SOURCE INFORMATION ->
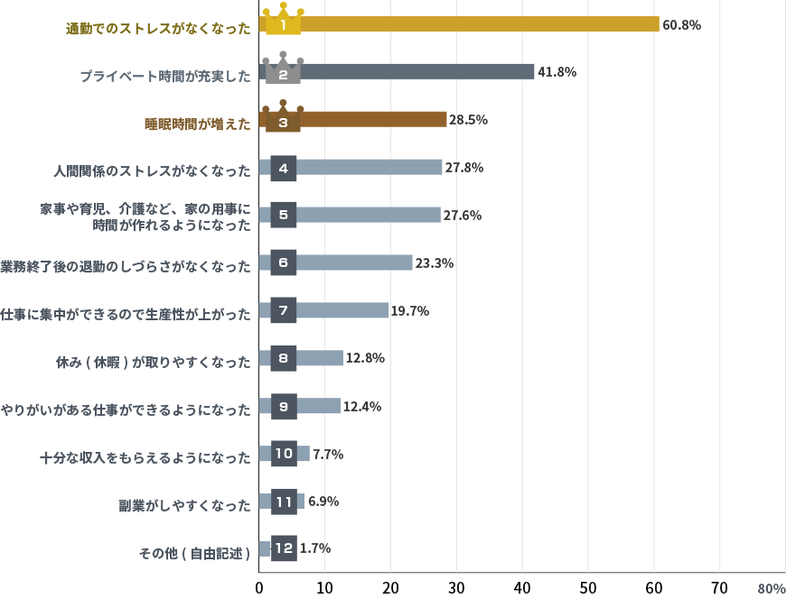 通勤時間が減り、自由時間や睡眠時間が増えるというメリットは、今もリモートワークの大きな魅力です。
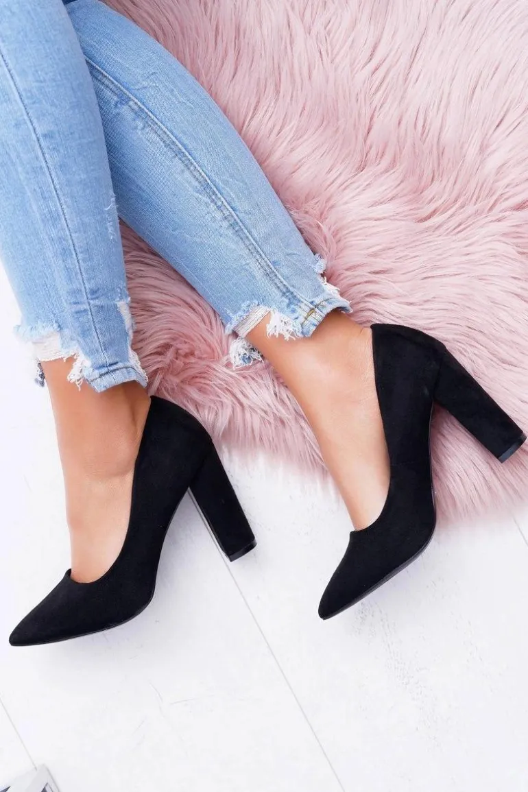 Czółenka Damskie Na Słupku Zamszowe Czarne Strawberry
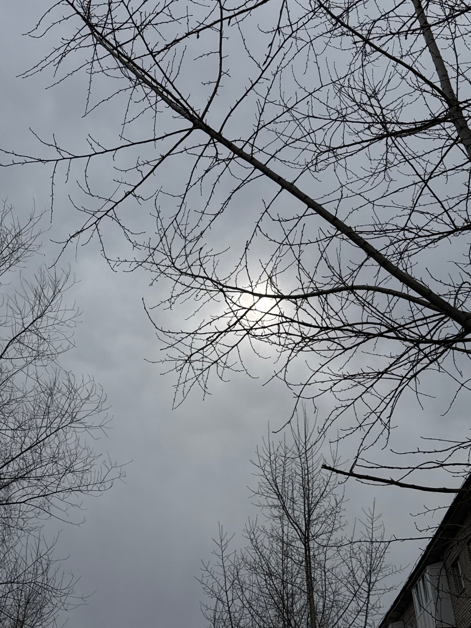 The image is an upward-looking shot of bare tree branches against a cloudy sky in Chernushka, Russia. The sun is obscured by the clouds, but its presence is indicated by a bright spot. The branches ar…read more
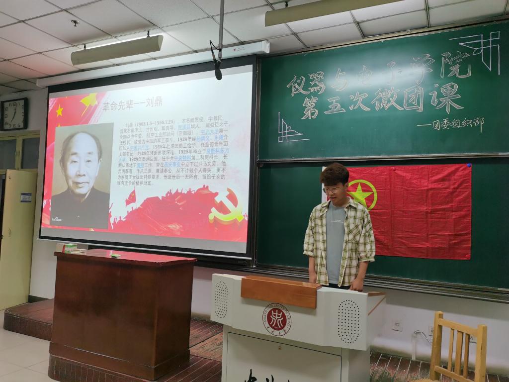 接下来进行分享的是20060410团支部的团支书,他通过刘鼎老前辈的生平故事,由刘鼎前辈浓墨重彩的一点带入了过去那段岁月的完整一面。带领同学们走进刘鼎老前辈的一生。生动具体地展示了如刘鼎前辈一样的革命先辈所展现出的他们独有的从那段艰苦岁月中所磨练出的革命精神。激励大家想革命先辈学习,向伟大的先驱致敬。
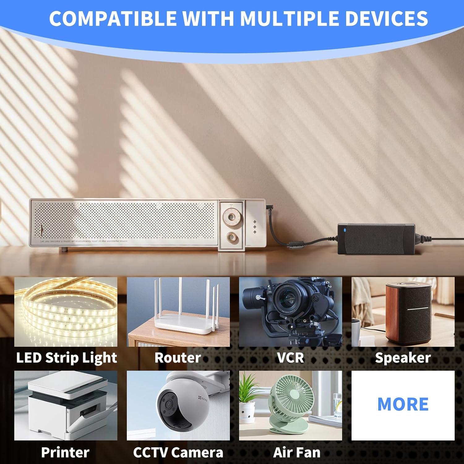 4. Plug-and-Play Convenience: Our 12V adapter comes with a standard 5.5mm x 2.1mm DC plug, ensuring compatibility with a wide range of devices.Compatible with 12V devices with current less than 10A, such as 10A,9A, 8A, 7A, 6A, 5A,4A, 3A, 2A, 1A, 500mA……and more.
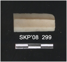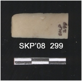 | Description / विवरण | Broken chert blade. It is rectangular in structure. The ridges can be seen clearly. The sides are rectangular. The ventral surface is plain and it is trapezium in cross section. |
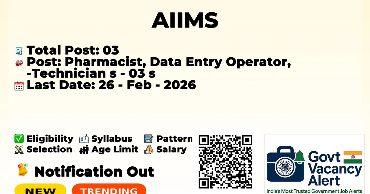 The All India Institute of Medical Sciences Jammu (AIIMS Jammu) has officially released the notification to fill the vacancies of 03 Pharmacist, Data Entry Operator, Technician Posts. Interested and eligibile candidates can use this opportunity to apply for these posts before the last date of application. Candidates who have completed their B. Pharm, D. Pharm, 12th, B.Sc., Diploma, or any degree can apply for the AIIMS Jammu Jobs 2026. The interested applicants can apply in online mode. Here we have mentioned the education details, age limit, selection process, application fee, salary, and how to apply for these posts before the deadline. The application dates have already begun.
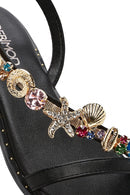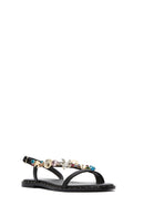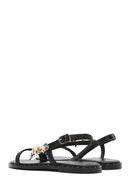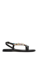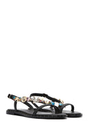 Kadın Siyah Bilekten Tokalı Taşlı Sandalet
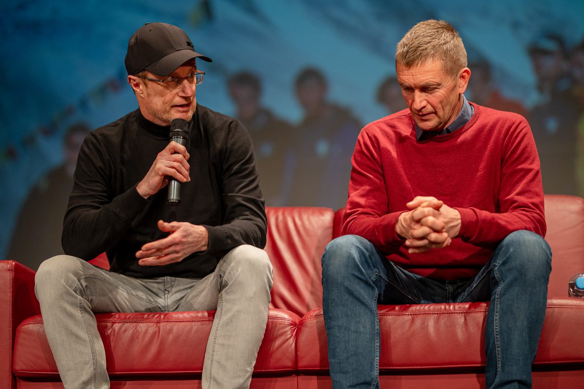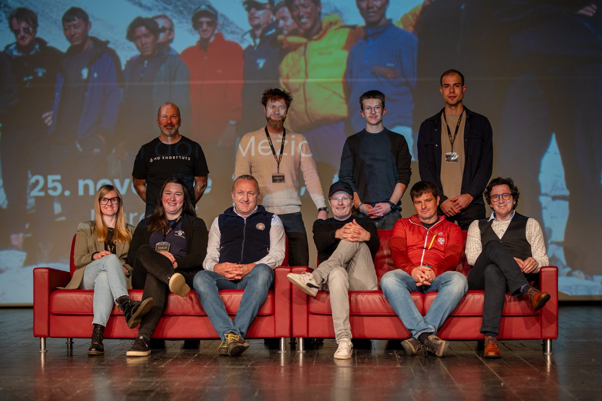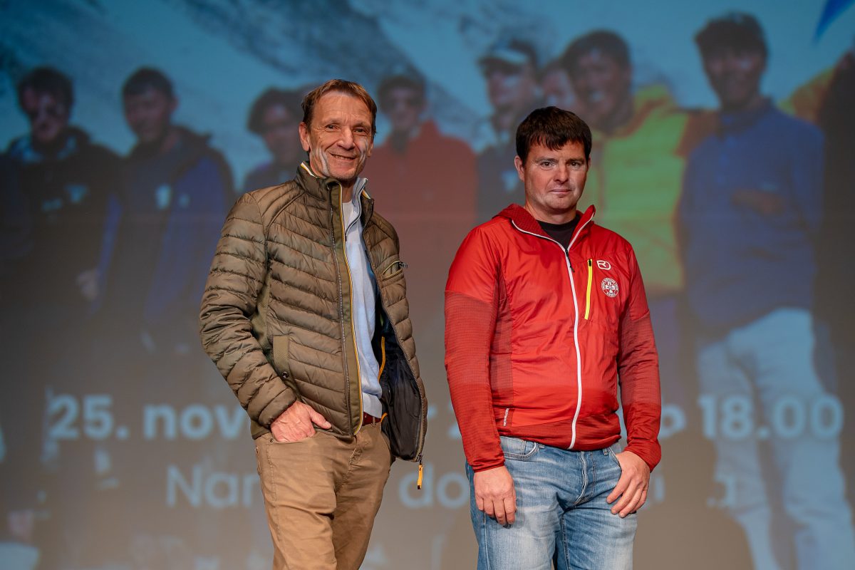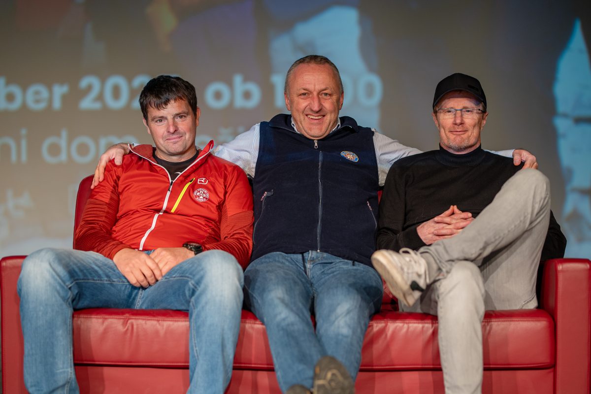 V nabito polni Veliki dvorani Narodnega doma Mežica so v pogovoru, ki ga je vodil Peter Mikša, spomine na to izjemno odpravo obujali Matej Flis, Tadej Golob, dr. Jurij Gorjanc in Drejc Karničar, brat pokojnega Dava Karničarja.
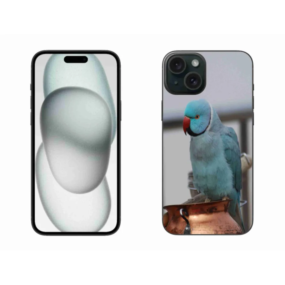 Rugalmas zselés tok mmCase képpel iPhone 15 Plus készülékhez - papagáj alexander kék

...

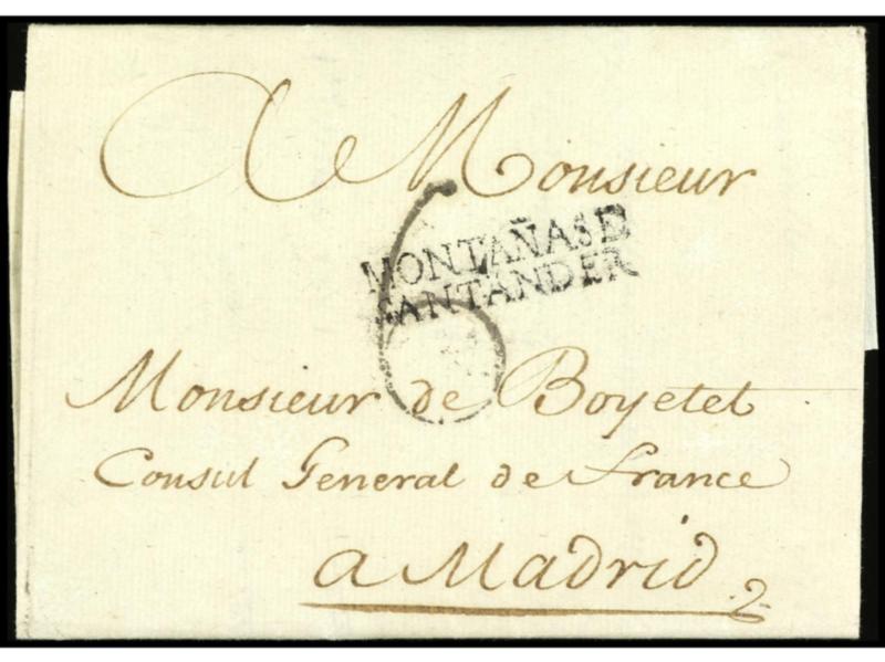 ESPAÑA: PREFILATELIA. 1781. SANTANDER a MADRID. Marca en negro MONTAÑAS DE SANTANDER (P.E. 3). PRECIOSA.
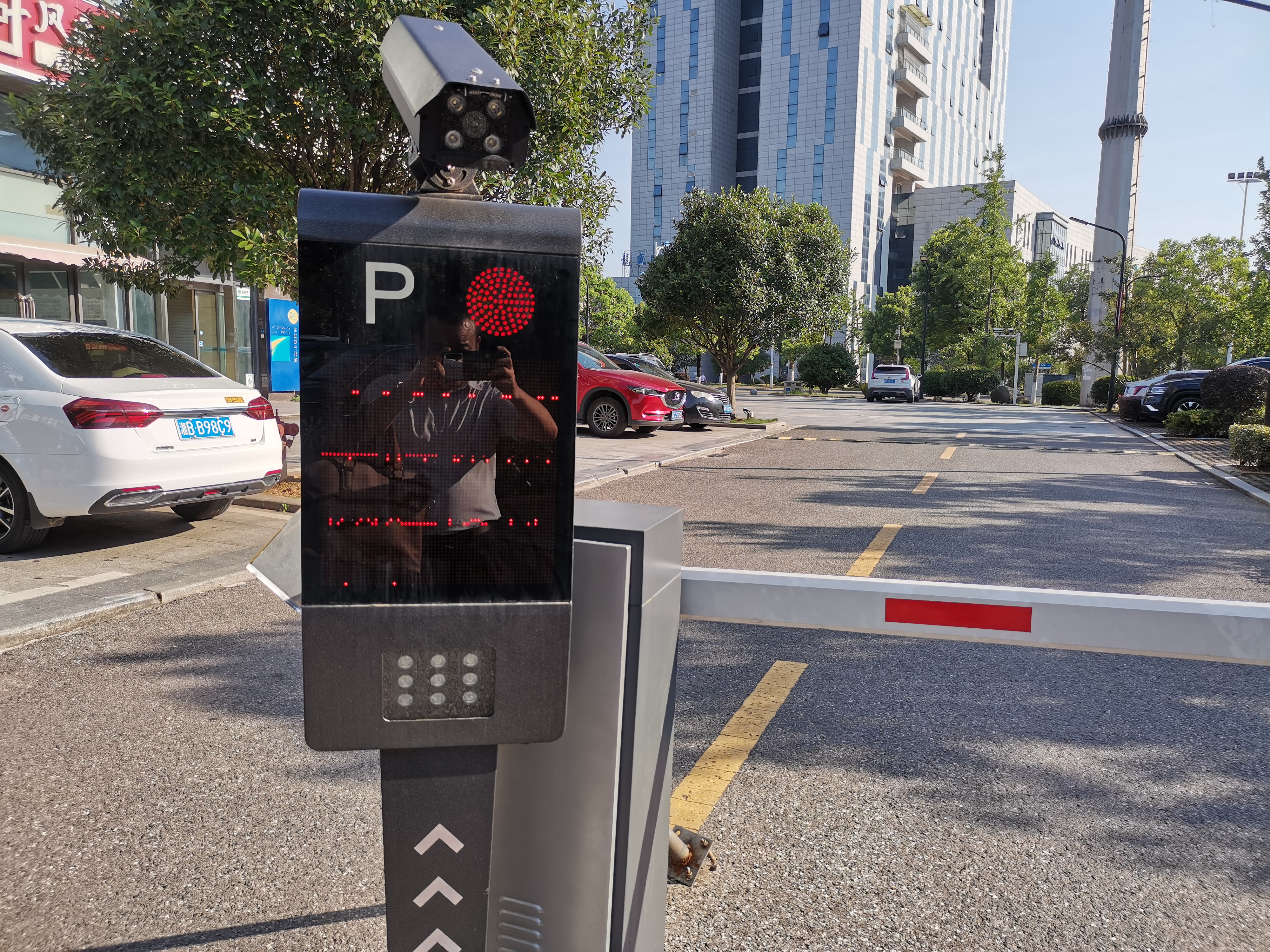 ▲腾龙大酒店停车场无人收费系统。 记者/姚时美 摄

DIRECTIONS FOR THIS TASK -> Take the lines above starting at the one containing "The All India" and ending at the one containing "Kadın Siyah Bilekten Tokalı Taşlı Sandalet", and print them again exactly, without pictures.

PROBLEM SOLUTION ->
 The All India Institute of Medical Sciences Jammu (AIIMS Jammu) has officially released the notification to fill the vacancies of 03 Pharmacist, Data Entry Operator, Technician Posts. Interested and eligibile candidates can use this opportunity to apply for these posts before the last date of application. Candidates who have completed their B. Pharm, D. Pharm, 12th, B.Sc., Diploma, or any degree can apply for the AIIMS Jammu Jobs 2026. The interested applicants can apply in online mode. Here we have mentioned the education details, age limit, selection process, application fee, salary, and how to apply for these posts before the deadline. The application dates have already begun.
 Kadın Siyah Bilekten Tokalı Taşlı Sandalet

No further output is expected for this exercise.